Rane Engine Valve Limited
- Type: Public company
- Traded as: BSE: 532988, NSE: RANENG
- Industry: Automotive
- Founded: 1959
- Founder: Lakshmana Iyer Lakshminarayan
- Headquarters: Chennai, India
- Key people: L. Ganesh (Chairman) K Murali Rajagopalan(President)
- Products: Engine valves, valve guides and tappets
- Operating income: ₹26.27 billion (US$270 million) (FY2012-13)
- Total assets: ₹25.108 billion (US$260 million) (2012)
- Parent: Rane Holding Limited
- Website: ranegroup.com/rane-engine-valve-limited/

= Rane Engine Valve Limited =

Rane Engine Valve Limited is a part of Rane Group of companies involved in the manufacture of valves and valve train components for various engine applications. Incepted in the year 1959, it is one of the oldest engine valve manufacturers that caters in the auto industry. The company is headquartered in Chennai and has five manufacturing locations with 1 plant in Chennai, 2 in Hyderabad, 1 in Tumkur and a plant in Tiruchirapalli. It is the largest manufacturer of engine valves in India with an 30% market share.

The company offers its products to companies engaged in the manufacture of passenger cars, utility vehicles, light commercial vehicles, medium and heavy commercial vehicles, farm tractors, and two and three wheelers, typically from motor cycles to marine engines. Volkswagen, Deutz. It recently inaugurated its dedicated Lean Manufacturing Practices (LPS) line for Mahindra and Mahindra's Farm Equipment Sector in its Chennai plant. It also has a dedicated line for manufacturing valves for kappa engines of Hyundai motor.

The company has an Export market. About 30% of its turnover comes from export and the export markets include Europe, North America, and the Far East. The company was all ready to set up an Export-oriented unit (EOU) near Visakhapatnam, but the plan was dropped later.

== History ==

Rane group of companies was founded by Shri T. R. Ganapathy Iyer in the year 1929 and the group was originally named as Rane Madras (Ltd). It started off as a distributor of automobiles and parts. After his death, the business was taken over by his son-in-law Lakshmana Iyer Lakshminarayan, popularly known as LLN, among friends and business circles. Under the leadership of LLN, the company was shaped into an auto-component business house. LLN remained as the founder chairman of the group for over three decades.

- Early History
The company was incorporated in 1954 in Chennai. The main objective of the company is to manufacture of valves for internal combustion engines and ATE valves for Mercedes-Benz. It started with a technical collaboration with Farnborough Engineering Company Ltd. that lasted for over a decade till 1973. The valves are to be marketed under the trade name "EVL". In 1959, it established the first IC engines valve plant in chennai. In the year 1973, the company entered into a technical collaboration agreement with Kar Valves Ltd. (formerly Cochin State Power & Light Corpn.
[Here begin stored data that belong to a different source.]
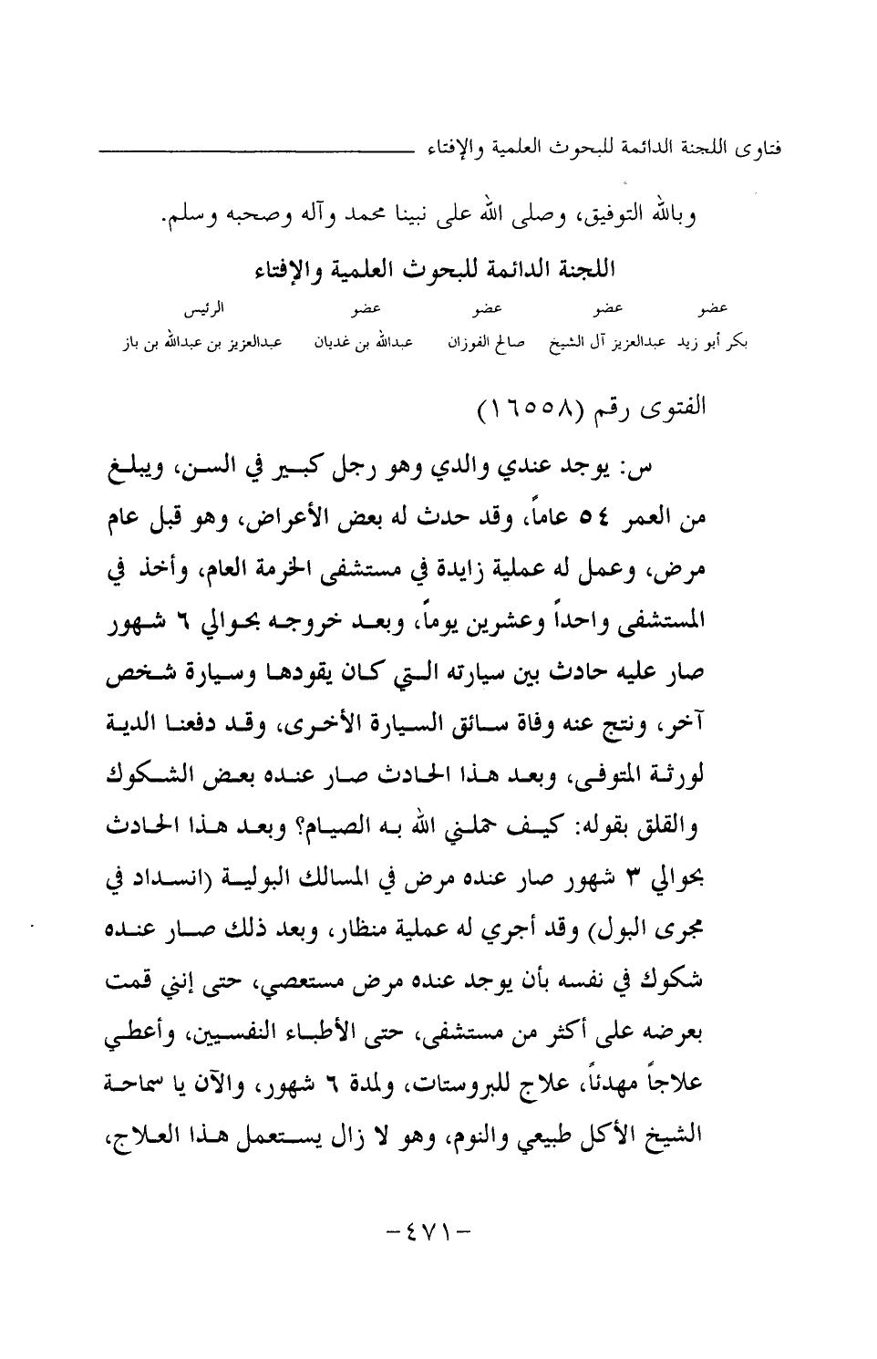 س: يوجد عندي والدي وهو رجل كبير في السن، ويبلغ من العمر 54 عاما، وقد حدت له بعض الأعراض، وهو قبل عام مرض، وعمل له عملية زايدة في مستشفى الخرمة العام، وأخذ في المستشفى واحدا وعشرين يوما، وبعد خروجه بحوالي 6 شهور صار عليه حادث بين سيارته التي كان يقودها وسيارة شخص آخر، ونتج عنه وفاة سائق السيارة الأخرى، وقد دفعنا الدية لورثة المتوفى، وبعد هذا الحادث صار عنده بعض الشكوك والقلق بقوله: كيف حملني الله به الصيام؟ وبعد هذا الحادث بحوالي 3 شهور صار عنده مرض في المسالك البولية (انسداد في مجرى البول) وقد أجري له عملية منظار، وبعد ذلك صار عنده شكوك في نفسه بأن يوجد عنده مرض مستعصي، حتى إنني قمت بعرضه على أكثر من مستشفى، حتى الأطباء النفسيين، وأعطي علاجا مهدئا، علاج للبروستات، ولمدة 6 شهور، والآن يا سماحة الشيخ الأكل طبيعي والنوم، وهو لا زال يستعمل هذا العلاج،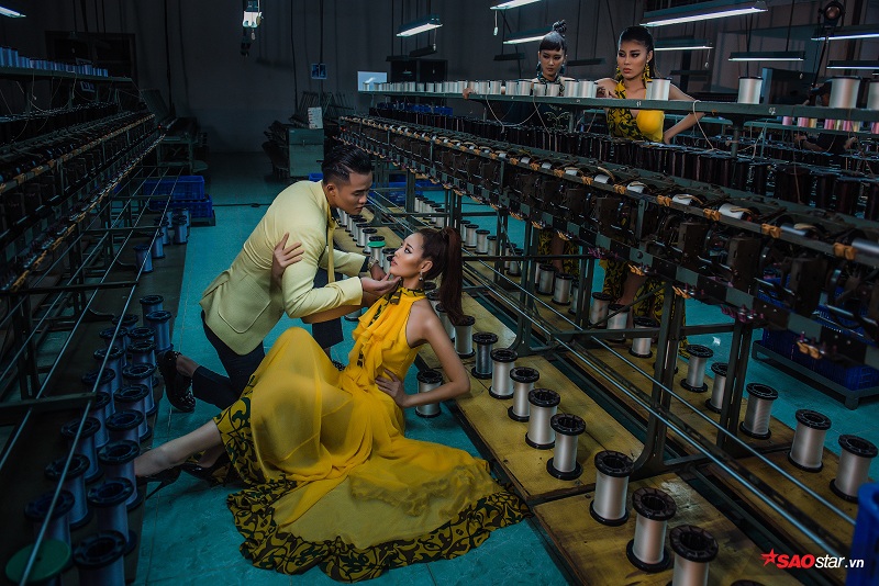 Khung cảnh chụp hình thời trang trong công ty cổ phần lụa Bảo Lộc tưởng chừng như cứng nhắc nhưng khi xuất hiện qua ống kính của Siêu mẫu Việt Nam 2018, các thước hình với lụa đã thật sự tỏa sáng và đẹp như một bức tranh nghệ thuật không lẫn vào đâu được.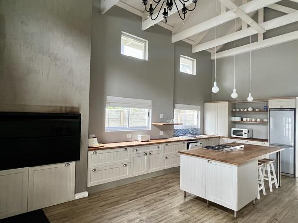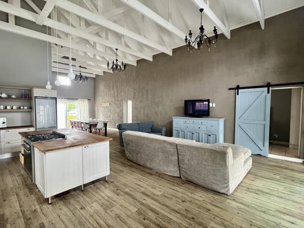 This house offers a lovely, large open-plan living area and kitchen with an indoor braai. It has 4 bedrooms, 3 en suite and a guest toilet. The outside stoep leading out to the swimming pool is covered and private and ideal for entertaining friends and guests. The house has a single garage and more parking available outside, with complete security beams inside and out.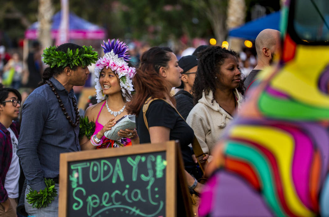 Vincent Rinaldi and Saraswati Queen Goddess join others in ordering food truck tacos during the Water Lantern Festival at Sunset Park on Saturday, April 20, 2019 in Las Vegas. (L.E. Baskow/Las Vegas Review-Journal) @Left_Eye_Images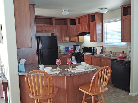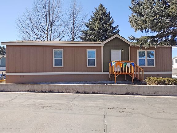 This home features all black kitchen appliance (gas cook stove), natural gas furnace heating (no A/C), carpet and vinyl tile, laundry room with hook-ups, a spacious master with walk-in closet and private bath. The numerous windows have great views, especially of Castle Rock right out your front door. Several large trees provide the perfect amount of shade. Onsite manager with regular office hours and monthly events. Also features a covered carport with attached shed that has electricity and an additional concrete parking area allows up to 2 vehicles. There is space to build a large deck off the back and zeriscape (rock) landscaping provided. Must also qualify to rent the space in the community. Must be owner occupied and not for use as a rental property.

Ltd.), for the export of technical know-how and assistance for the manufacture of valves for internal combustion engines.

- Recent
Rane Engine Valve Limited was formed after Engine Valves Limited (EVL) was merged with its 100% subsidiary Engine Components Ltd (ECL) in the year 1999. The reverse merger, effective from FY99 is expected to benefit the new entity, reducing its tax liability, because of the carry forward losses of ECL. Rane Engine Valve Limited now has a more diversified product portfolio, absorbing the products of the 2 merging companies. It manufactured guides for internal combustion engines, engine camshafts and tappets, all catering to the automobile industry. The company is the largest manufacturer of engine valves in India with an 85% market share. The company was taken over by RANE HOLDINGS LIMITED and it was delisted from Bombay Stock Exchange on 15 February 2008.
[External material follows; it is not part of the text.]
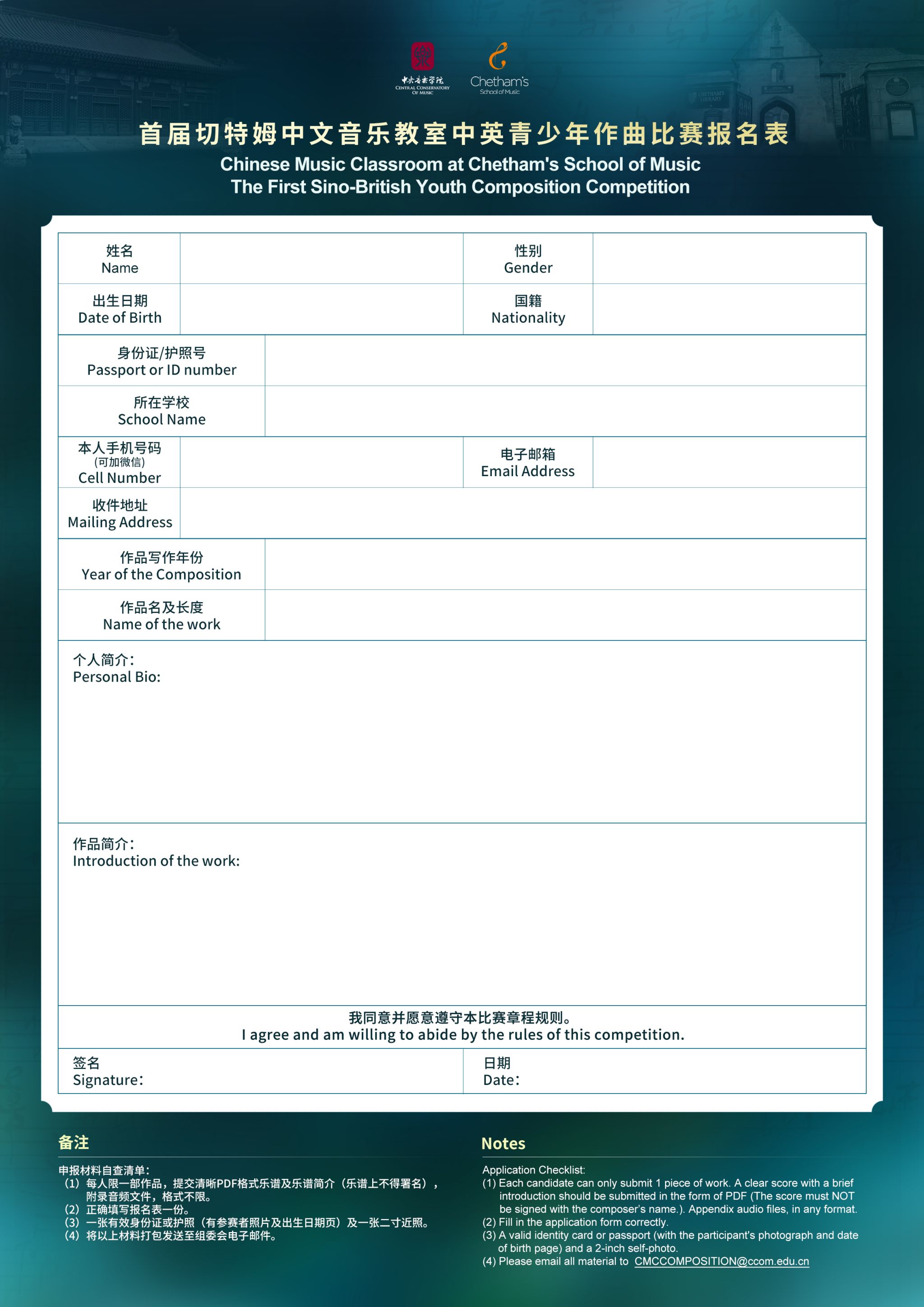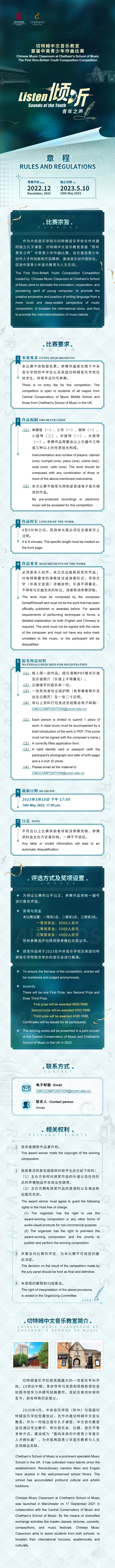 比赛面向KY开元附中与英国切特姆音乐学校各专业的在校学生,共设立一等奖1名,二等奖2名,三等奖3名及纪念奖。获奖作品将于2023年,在KY开元与切特姆音乐学校联合举办的音乐会中展演。

Today, the company has five plants. The plants in Alandur (Chennai), Medchal (Hyderabad), Aziz Nagar (Hyderabad) and Trichy are involved in the manufacture of Engine Valves and the plant in Ponneri (Chennai)is involved in the manufacture of Guides and Tappets.

==Awards and recognition==

- The company was awarded ISO 14001 certification from RWTUV, Germany, for its environment management policy and systems in all its five manufacturing locations in the year 2002.
- The company received the QS 9000 certification from RWTUV, Germany in 2000.
- It also has ISO/TS 16949-2002 and ISO/TS 16949:2009 awarded during the years 2004 and 2010 respectively.
- Wins the Volkswagen Group Best Supplier Award for 2008.
- Awarded the Best in Class Performance in Quality PPM award by Ashok Leyland during the year 2010–11
- Awarded Pancharatna Award for Best Supply Chain Management by Mahindra and Mahindra (2010–11)
- The company received the `Best Supplier Award' from Deutz AG of Germany.